> _Problem to work on_: Could you repeat, exactly and with no pictures, only the lines from the start of the records through the line containing "Ammco model 1050"?

(Records contained in a dataset)
=-=-=
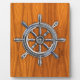 A nautical wheel design on a teak wood veneer grain style background decor. A racy modern nautical gift.
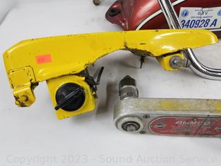 Ammco model 1050 torque wrench, 125 Enduro fuel tank, Yamaha fuel tank, handlebars.
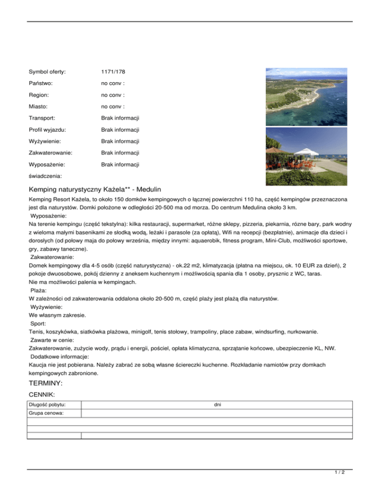 Symbol oferty: 1171/178 Państwo: no conv : Region: no conv : Miasto: no conv : Transport: Brak informacji Profil wyjazdu: Brak informacji Wyżywienie: Brak informacji Zakwaterowanie: Brak informacji Wyposażenie: Brak informacji świadczenia: Kemping naturystyczny Każela** - Medulin Kemping Resort Każela, to około 150 domków kempingowych o łącznej powierzchni 110 ha, część kempingów przeznaczona jest dla naturystów. Domki położone w odległości 20-500 ma od morza. Do centrum Medulina około 3 km. Wyposażenie: Na terenie kempingu (część tekstylna): kilka restauracji, supermarket, różne sklepy, pizzeria, piekarnia, rózne bary, park wodny z wieloma małymi basenikami ze słodką wodą, leżaki i parasole (za opłatą), Wifi na recepcji (bezpłatnie), animacje dla dzieci i dorosłych (od połowy maja do połowy września, między innymi: aquaerobik, fitness program, Mini-Club, możliwości sportowe, gry, zabawy taneczne). Zakwaterowanie: Domek kempingowy dla 4-5 osób (część naturystyczna) - ok.22 m2, klimatyzacja (płatna na miejscu, ok. 10 EUR za dzień), 2 pokoje dwuosobowe, pokój dzienny z aneksem kuchennym i możliwością spania dla 1 osoby, prysznic z WC, taras. Nie ma możliwości palenia w kempingach. Plaża: W zależności od zakwaterowania oddalona około 20-500 m, część plaży jest plażą dla naturystów. Wyżywienie: We własnym zakresie. Sport: Tenis, koszykówka, siatkówka plażowa, minigolf, tenis stołowy, trampoliny, place zabaw, windsurfing, nurkowanie. Zawarte w cenie: Zakwaterowanie, zużycie wody, prądu i energii, pościel, opłata klimatyczna, sprzątanie końcowe, ubezpieczenie KL, NW. Dodatkowe informacje: Kaucja nie jest pobierana. Należy zabrać ze sobą własne ściereczki kuchenne. Rozkładanie namiotów przy domkach kempingowych zabronione. TERMINY: CENNIK: Długość pobytu: dni Grupa cenowa: 1/2 Waluta: EUR Aktualne ceny z systemu S.A.R.T. (-) - cena usługi, podatku kalkulowana przy osobie lub gratis (*) - kwota wliczona w cenę standardową 2/2
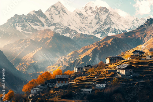 Beautiful mountain village nestled in snow-capped scenery isolated on transparent background
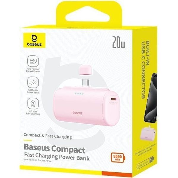 POWERBANK BASEUS COMPACT USB-C VERSION 5000MAH 20W PD PINK P10068306413-00 (TEL.235965)
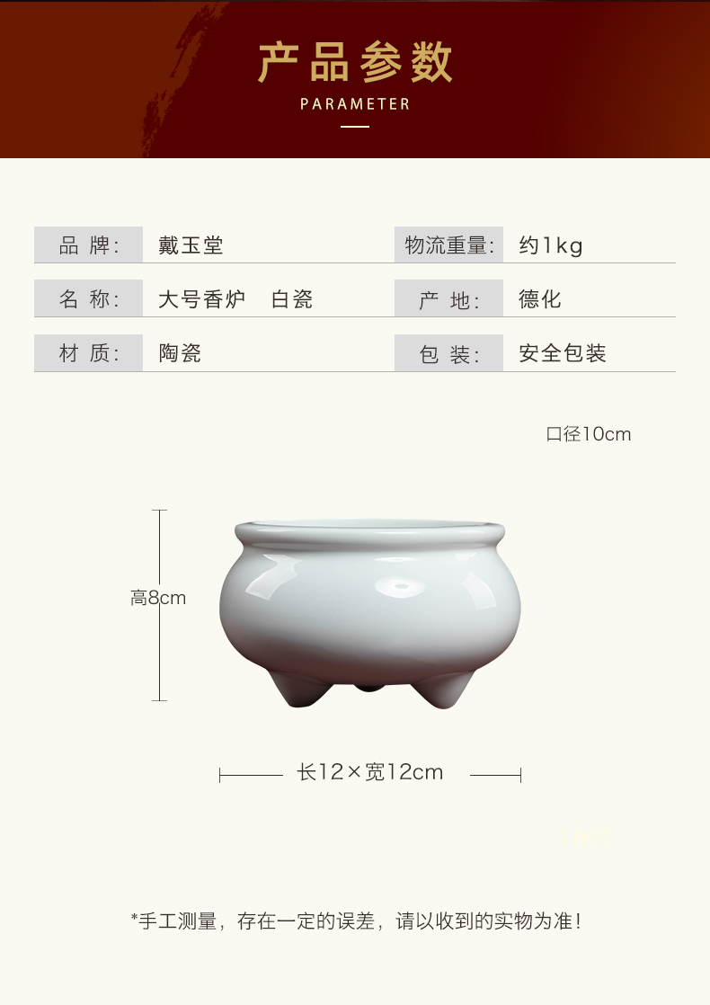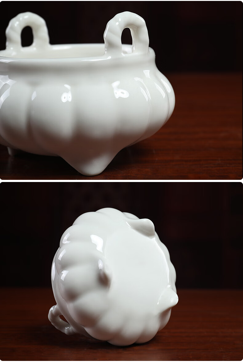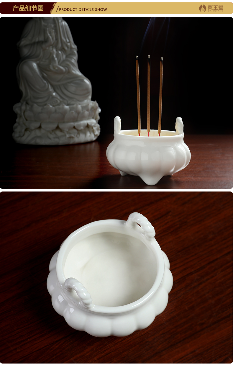 Ceramic incense burner for household Buddha, front line incense stick, incense for Buddha, incense burner, Buddhist temple, worship supplies, D18-05C three-legged incense burner, white porcelain, large size
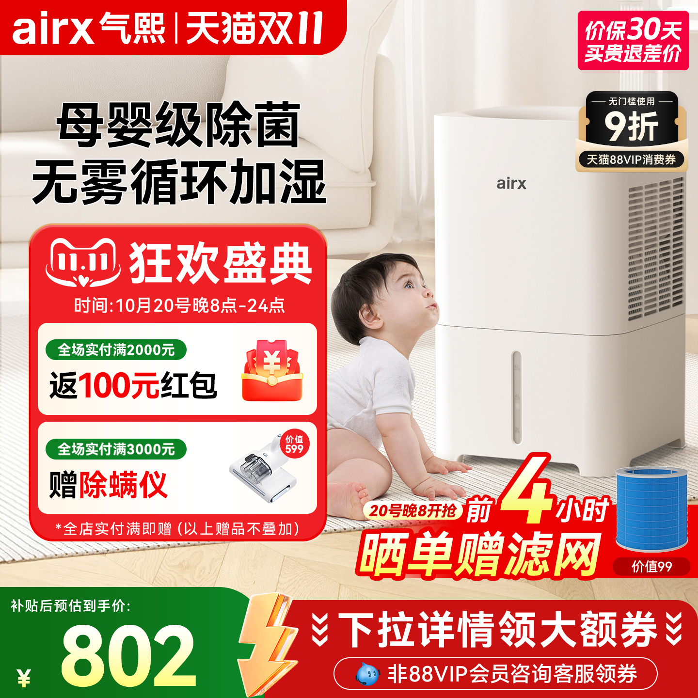 【补贴15%】气熙airx母婴无雾加湿器家用轻音孕妇婴幼儿冷蒸发H8
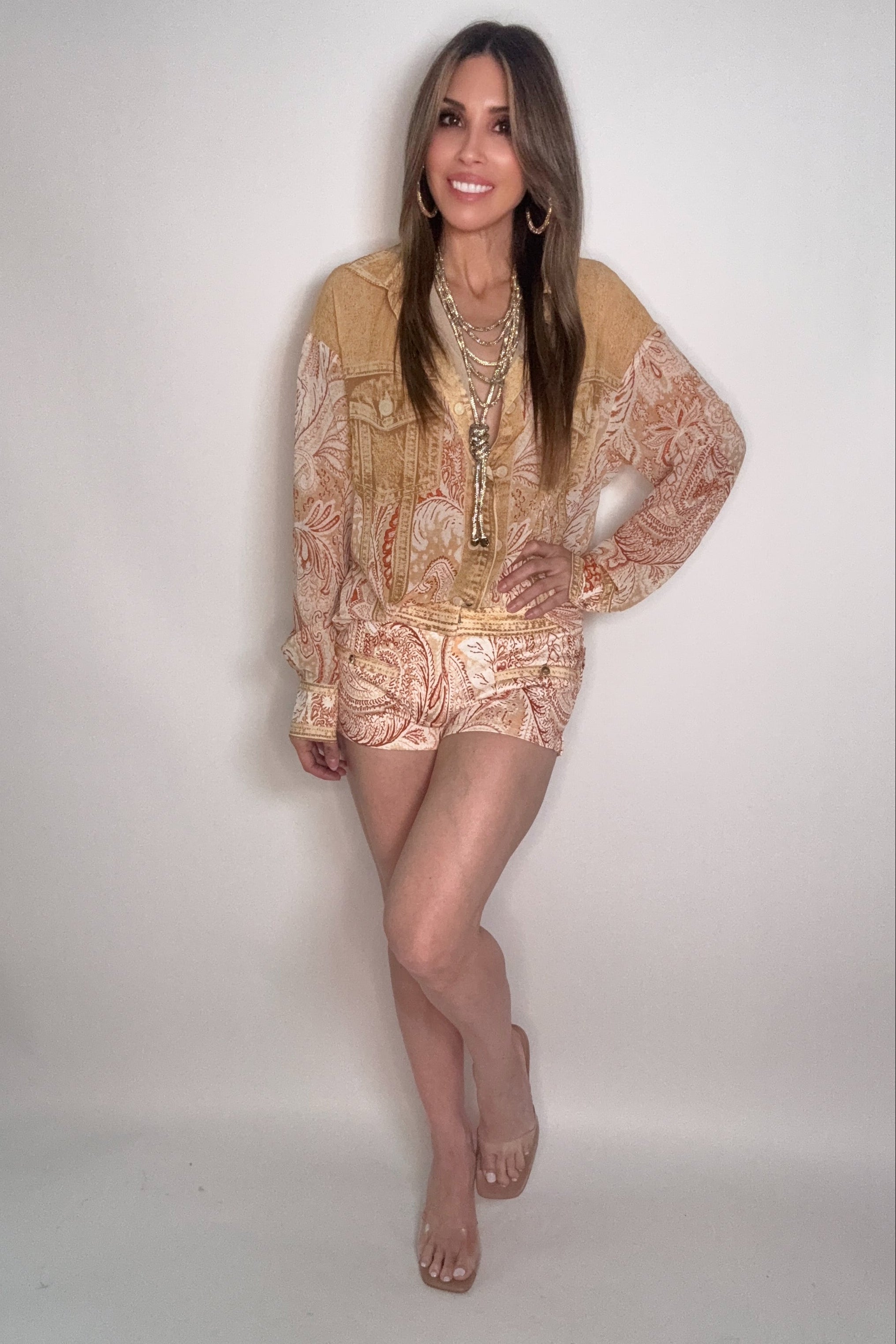 -Button-down chiffon blouse -Oversize shirt style -Comes with short pants -Pants have stretch
=-=-=
> _Written answer_:
 A nautical wheel design on a teak wood veneer grain style background decor. A racy modern nautical gift.
 Ammco model 1050 torque wrench, 125 Enduro fuel tank, Yamaha fuel tank, handlebars.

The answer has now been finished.